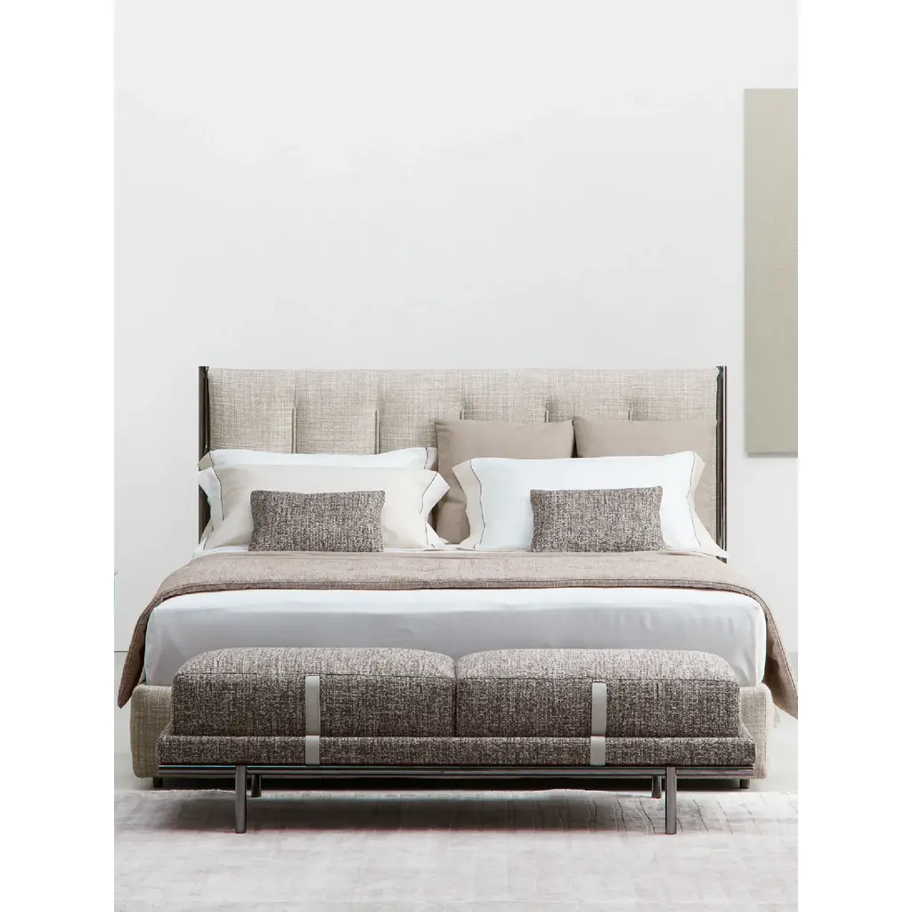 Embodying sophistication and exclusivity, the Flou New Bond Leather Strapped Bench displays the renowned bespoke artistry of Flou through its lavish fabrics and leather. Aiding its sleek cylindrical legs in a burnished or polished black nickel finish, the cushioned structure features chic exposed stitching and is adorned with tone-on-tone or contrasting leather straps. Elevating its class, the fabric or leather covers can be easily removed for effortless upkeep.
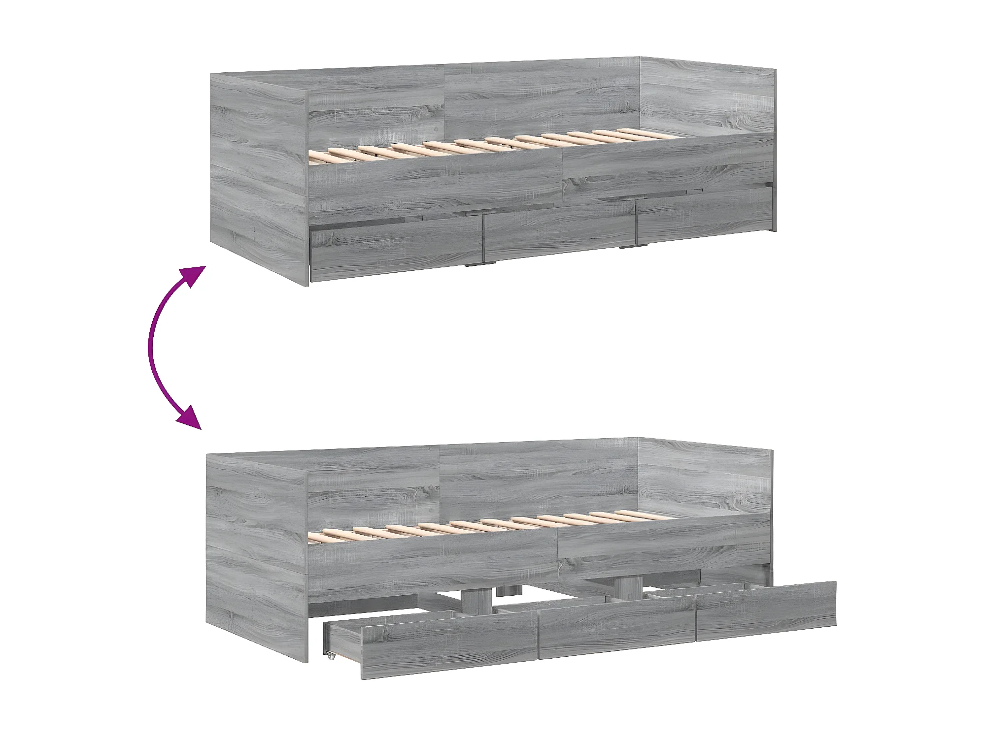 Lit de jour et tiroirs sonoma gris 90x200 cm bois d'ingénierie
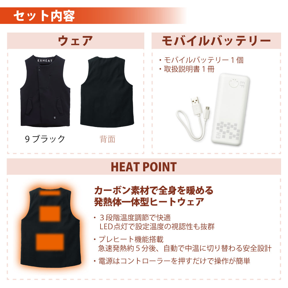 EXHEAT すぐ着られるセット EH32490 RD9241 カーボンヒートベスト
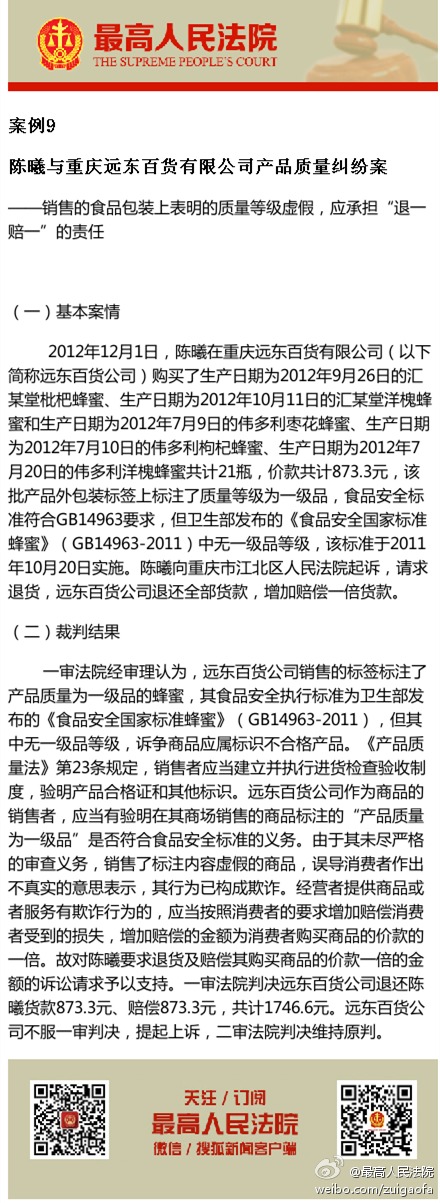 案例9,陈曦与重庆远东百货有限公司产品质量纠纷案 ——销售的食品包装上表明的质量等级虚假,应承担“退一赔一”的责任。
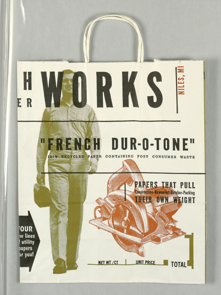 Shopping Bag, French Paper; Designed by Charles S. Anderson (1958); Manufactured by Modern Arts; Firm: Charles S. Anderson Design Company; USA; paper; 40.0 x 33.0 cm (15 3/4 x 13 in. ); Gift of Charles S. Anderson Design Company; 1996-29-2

****

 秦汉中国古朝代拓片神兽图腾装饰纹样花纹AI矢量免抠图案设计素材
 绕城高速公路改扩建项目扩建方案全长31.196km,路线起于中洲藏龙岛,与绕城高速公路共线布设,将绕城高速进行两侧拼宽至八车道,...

****

> [Task objective]
Repeat exactly the stretch of the listing above that starts with the line holding "案例9,陈曦与重庆远东百货有" and finishes with the line holding "Shopping Bag, French", both included. Skip every picture.

> [Solution to the exercise]
 案例9,陈曦与重庆远东百货有限公司产品质量纠纷案 ——销售的食品包装上表明的质量等级虚假,应承担“退一赔一”的责任。
 Shopping Bag, French Paper; Designed by Charles S. Anderson (1958); Manufactured by Modern Arts; Firm: Charles S. Anderson Design Company; USA; paper; 40.0 x 33.0 cm (15 3/4 x 13 in. ); Gift of Charles S. Anderson Design Company; 1996-29-2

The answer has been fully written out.